WHAT THE TASK ASKS —
From the line containing "The central highlands" to the final line of the material below, return every line exactly. Do not include pictures.

MATERIAL TO PROCESS —

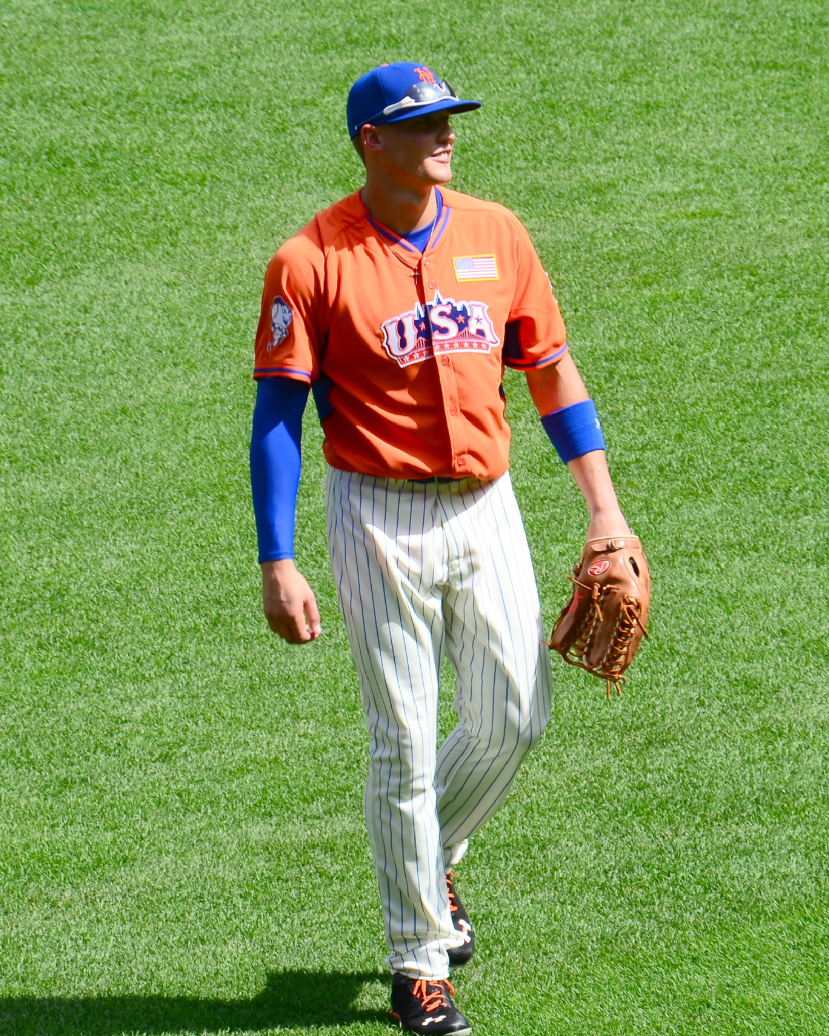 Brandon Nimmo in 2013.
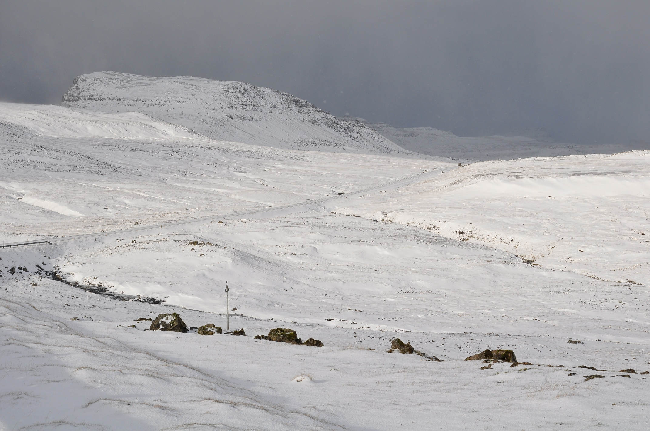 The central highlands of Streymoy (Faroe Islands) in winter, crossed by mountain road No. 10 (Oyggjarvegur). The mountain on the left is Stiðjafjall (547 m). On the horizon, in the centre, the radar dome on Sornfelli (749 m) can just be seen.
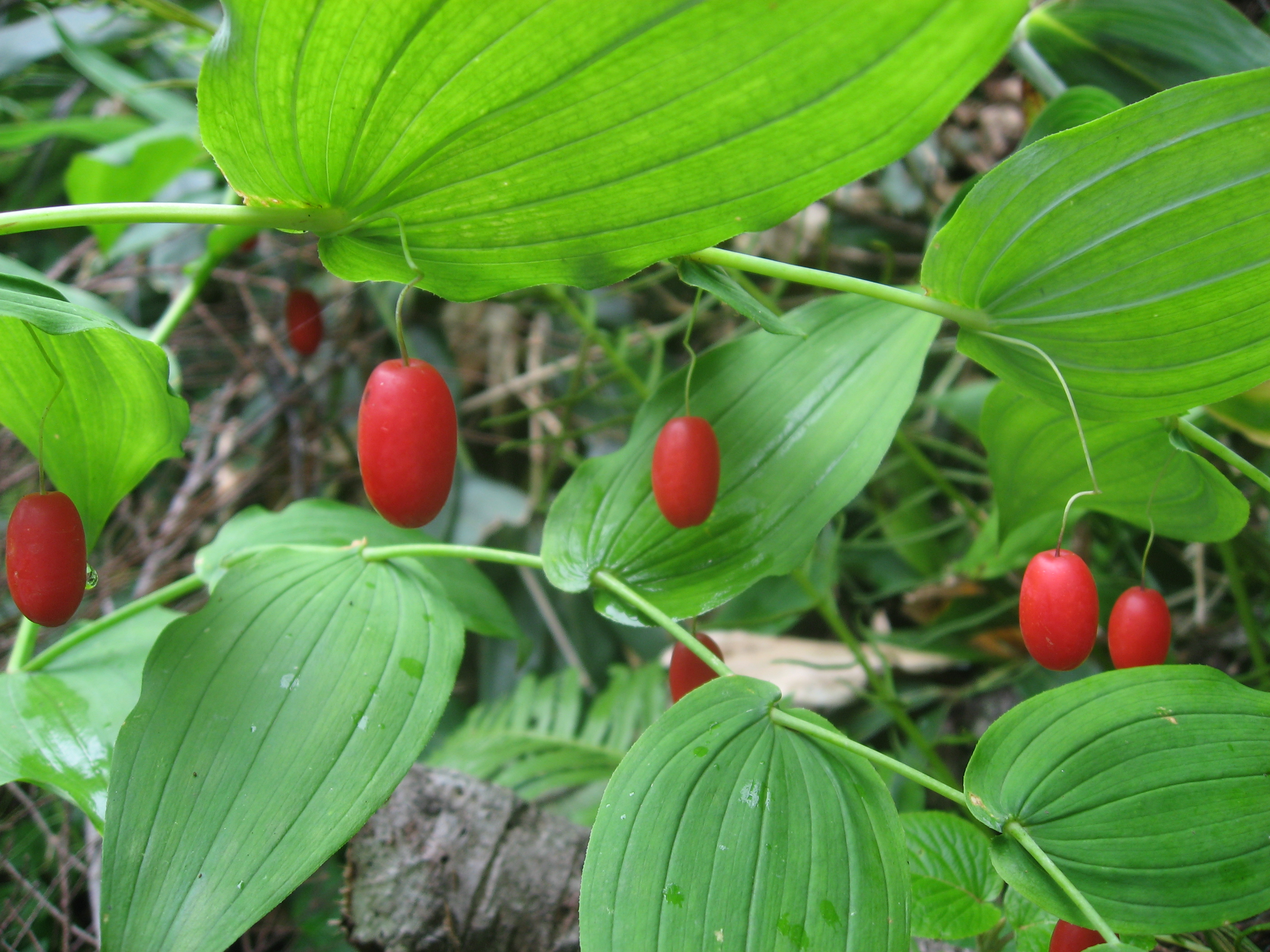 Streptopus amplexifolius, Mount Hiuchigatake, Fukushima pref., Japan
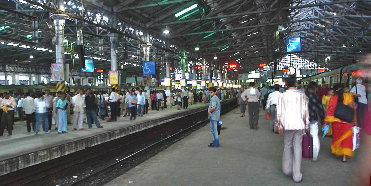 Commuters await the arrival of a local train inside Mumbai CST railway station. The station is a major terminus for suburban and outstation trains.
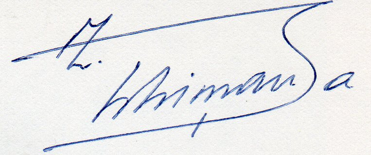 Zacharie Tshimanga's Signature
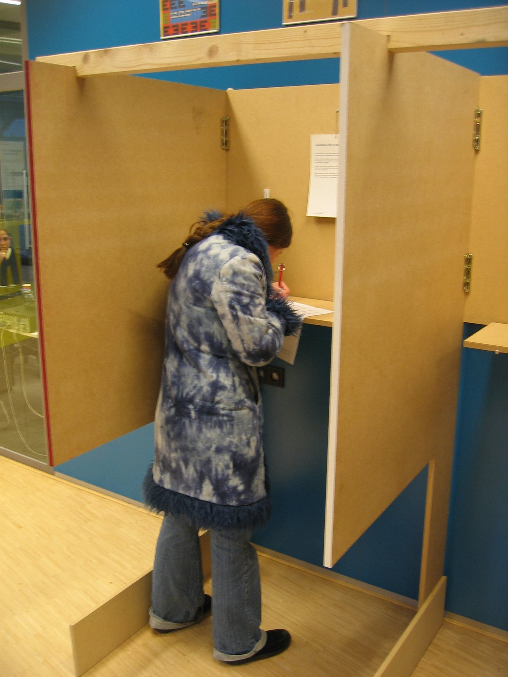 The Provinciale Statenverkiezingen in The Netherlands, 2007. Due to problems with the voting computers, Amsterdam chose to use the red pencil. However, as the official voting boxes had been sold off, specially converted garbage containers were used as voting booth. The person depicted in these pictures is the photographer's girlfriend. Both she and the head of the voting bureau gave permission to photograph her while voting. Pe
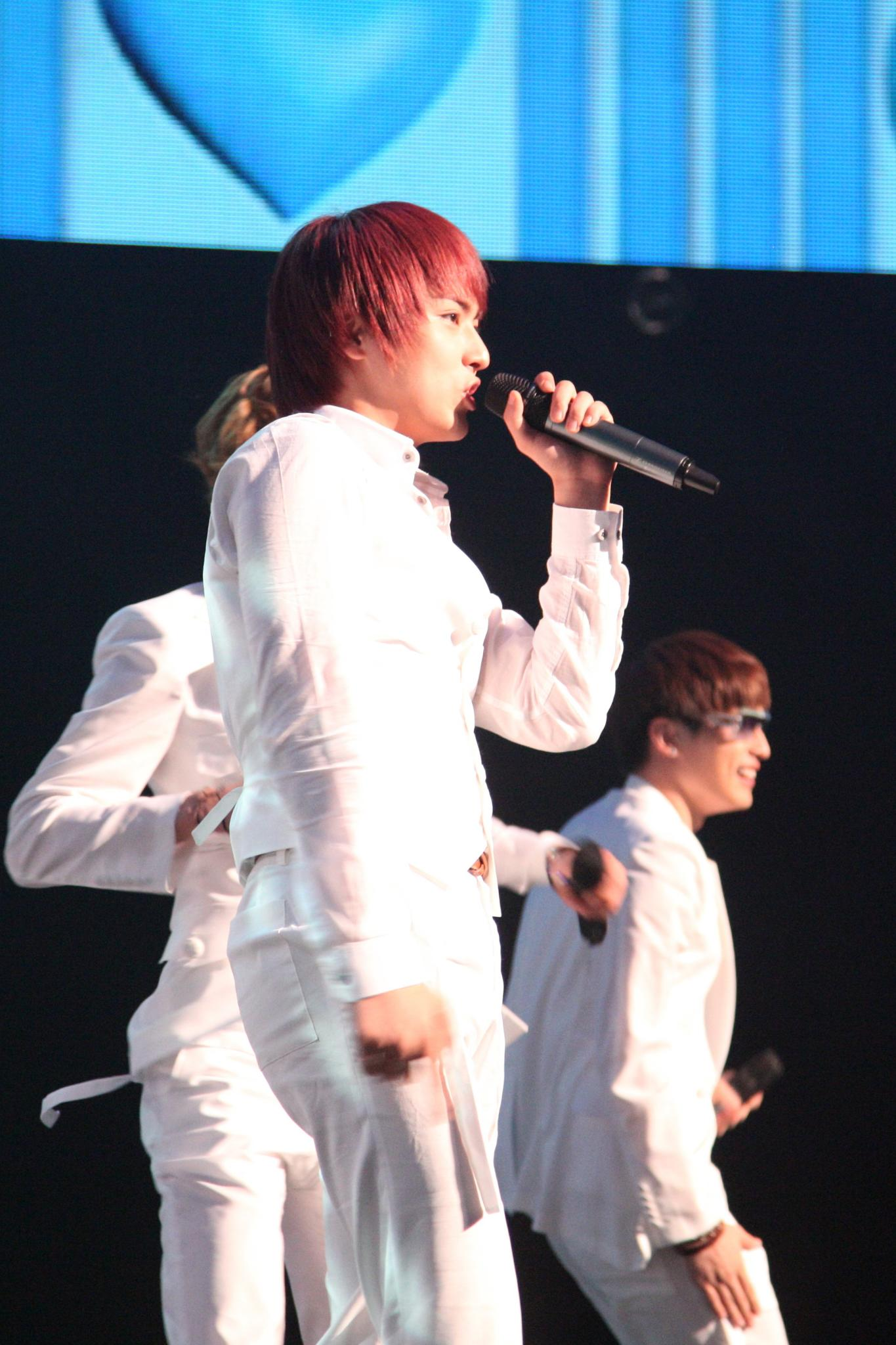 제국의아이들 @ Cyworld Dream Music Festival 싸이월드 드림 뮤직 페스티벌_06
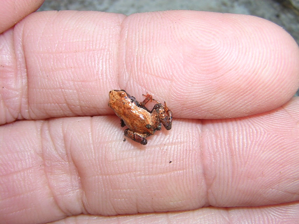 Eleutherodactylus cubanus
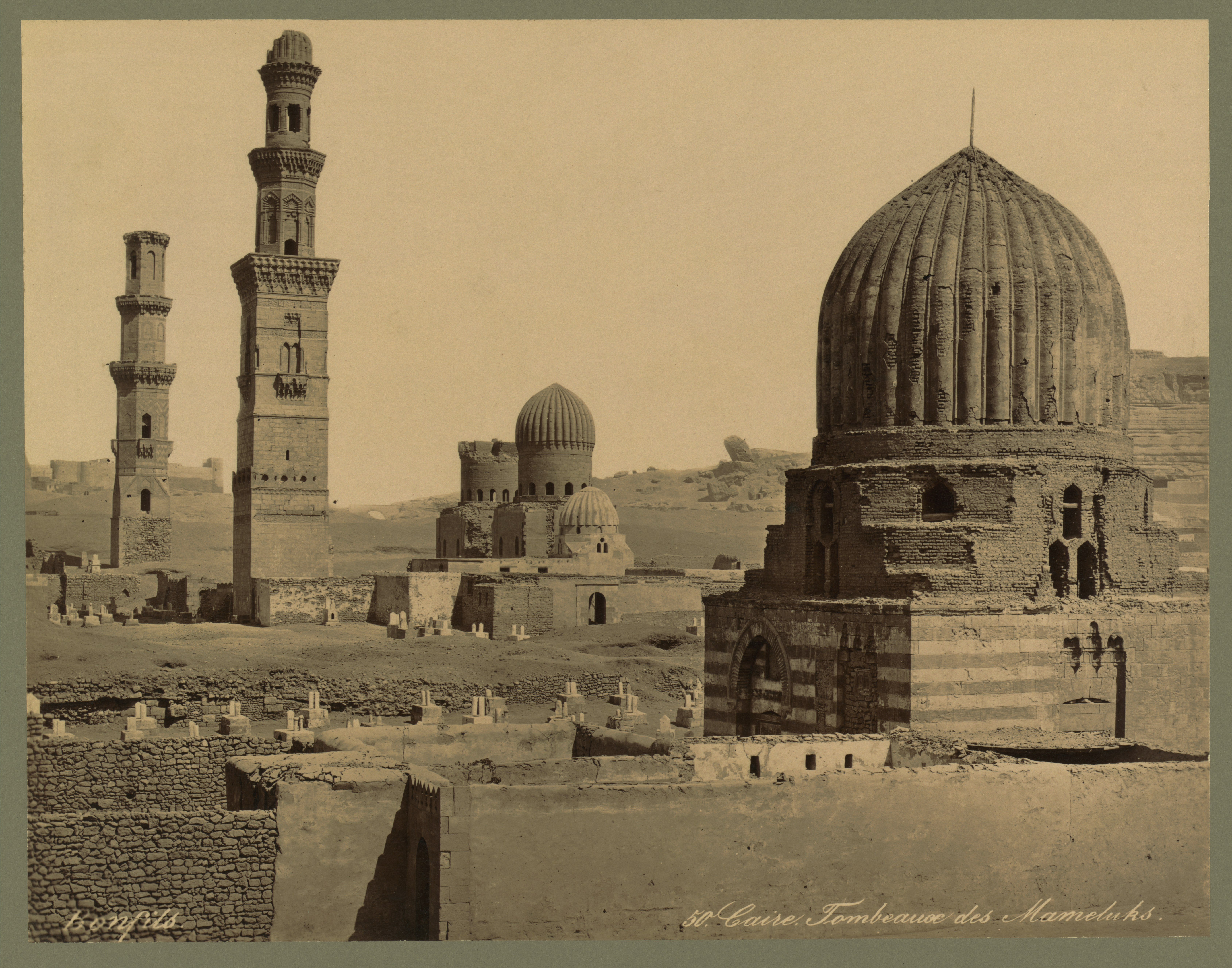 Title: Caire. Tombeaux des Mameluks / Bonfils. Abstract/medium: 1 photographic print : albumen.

SOLVED PROBLEM —
 The central highlands of Streymoy (Faroe Islands) in winter, crossed by mountain road No. 10 (Oyggjarvegur). The mountain on the left is Stiðjafjall (547 m). On the horizon, in the centre, the radar dome on Sornfelli (749 m) can just be seen.
 Streptopus amplexifolius, Mount Hiuchigatake, Fukushima pref., Japan
 Commuters await the arrival of a local train inside Mumbai CST railway station. The station is a major terminus for suburban and outstation trains.
 Zacharie Tshimanga's Signature
 The Provinciale Statenverkiezingen in The Netherlands, 2007. Due to problems with the voting computers, Amsterdam chose to use the red pencil. However, as the official voting boxes had been sold off, specially converted garbage containers were used as voting booth. The person depicted in these pictures is the photographer's girlfriend. Both she and the head of the voting bureau gave permission to photograph her while voting. Pe
 제국의아이들 @ Cyworld Dream Music Festival 싸이월드 드림 뮤직 페스티벌_06
 Eleutherodactylus cubanus
 Title: Caire. Tombeaux des Mameluks / Bonfils. Abstract/medium: 1 photographic print : albumen.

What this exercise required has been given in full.